> [GIVEN RECORDS]:
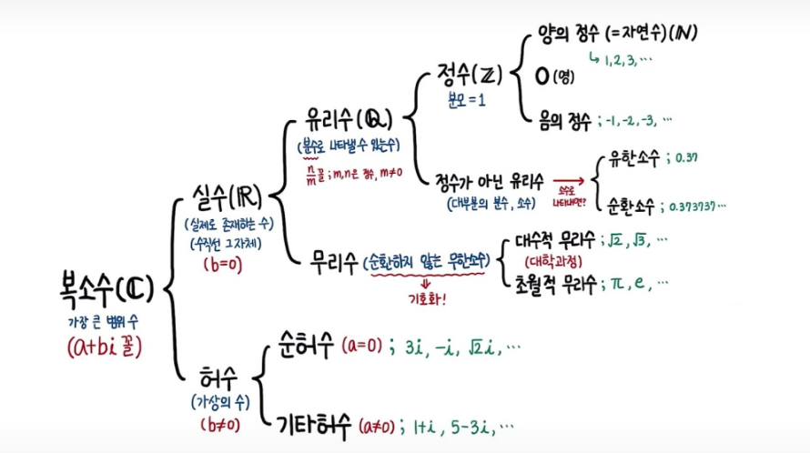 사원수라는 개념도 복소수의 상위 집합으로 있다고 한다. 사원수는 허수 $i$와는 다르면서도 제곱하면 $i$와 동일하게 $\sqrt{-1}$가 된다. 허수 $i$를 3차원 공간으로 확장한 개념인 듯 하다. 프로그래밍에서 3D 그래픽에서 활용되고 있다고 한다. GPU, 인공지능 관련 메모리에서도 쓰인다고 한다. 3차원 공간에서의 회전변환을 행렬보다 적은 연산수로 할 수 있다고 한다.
---
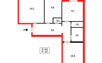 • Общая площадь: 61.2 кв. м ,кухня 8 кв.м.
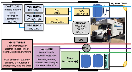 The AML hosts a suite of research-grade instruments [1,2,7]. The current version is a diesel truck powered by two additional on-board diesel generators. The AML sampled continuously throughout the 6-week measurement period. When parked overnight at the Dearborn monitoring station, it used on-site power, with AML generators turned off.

> [PROBLEM DETAILS]: Return exactly the lines of the material above, starting at the line containing "м ,кухня 8 кв.м." and finishing at the line containing "The AML hosts", without any pictures.

> [EXERCISE SOLUTION]:
 • Общая площадь: 61.2 кв. м ,кухня 8 кв.м.
 The AML hosts a suite of research-grade instruments [1,2,7]. The current version is a diesel truck powered by two additional on-board diesel generators. The AML sampled continuously throughout the 6-week measurement period. When parked overnight at the Dearborn monitoring station, it used on-site power, with AML generators turned off.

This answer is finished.